Harper Lee will publish a new novel! Perhaps she will illuminate some of the curiosities to which Scout has introduced my daughter. Quinn is not of an age where she will sit through To Kill A Mockingbird in nightly installments. That does not mean I haven't tried. She's heard enough to know that she relates to Scout, who seemingly can't mind her P's and Q's. And I know no one can enjoy failing measuring up to Atticus' patience and honor more than a man with his daughter squirming in the crook of his arm as he tries to read To Kill A Mockingbird to her.

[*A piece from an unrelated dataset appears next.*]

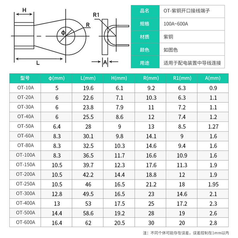 Be the first to review “National Standard A-Grade Copper Wire Connector OT Open Nose Terminals 5A-1000A Selectable” Cancel reply
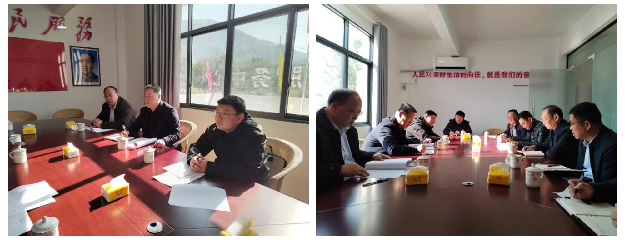 邱建军一行在村委会会议室召开了一场气氛热烈的座谈会,与石溪村村支部书记谢丁生和公司驻村帮扶工作队成员面对面进行调研交流。

Those two news stories took me through almost every spectrum of human emotion in less than five minutes. In my previous existence, the same thing could have happened, but lately I've found that life's volume knob seems to be stuck--at eleven. I have a dim sense of why this might be. My daughter is almost five, but she is small. She is also, in my opinion, on the ball. So you have this tiny person giving pretty concise running commentary on her life. This is mostly communicated in one liners that sound like she is channeling Mark Twain. But I maintain a memory of just four years ago, when this child was a helpless lump. The addition of a child has made each of my days pass like a second, and the whole of my years feel geologic in scale. This is pretty powerful as it is presented in my mind in an instant.

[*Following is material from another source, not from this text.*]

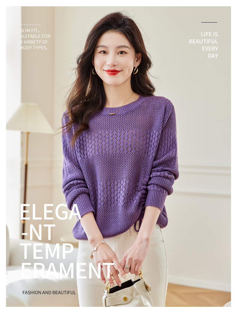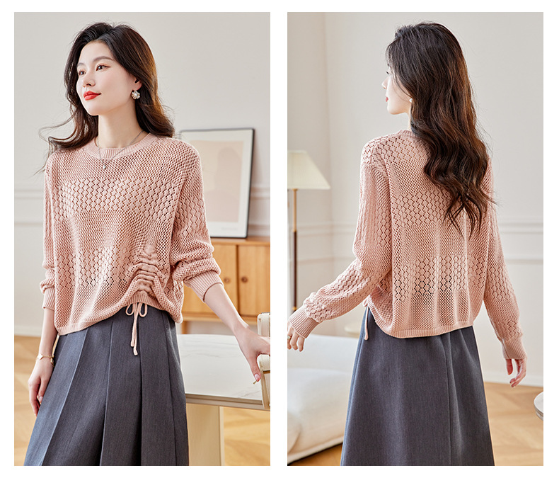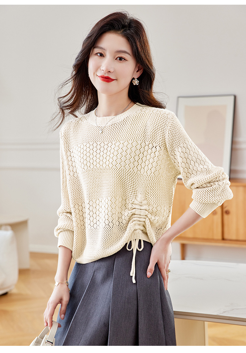 CC27-2426镂空长袖t恤女针织打底衫2024春新款别致绝美小上衣洋气小衫批发

The Jordanian pilot who was burned alive, must have been an infant, and then a five year old boy, and those parents must feel devastation that I can at least imagine now. And the men who brutally took that life, they were children once, and now their evil reverberates around the globe. I feel that in a way that a man with no children might not. Harper Lee must have been a precocious five year old, and the goodness and insight that she has contributed to humanity; I can see how valuable that is, through the lense of a daughter. The value, understanding and empathy Lee captured in her story have reverberated around around the globe for over fifty years. And that is the only hope for the father of any child: Goodness has a longer shelf life than evil.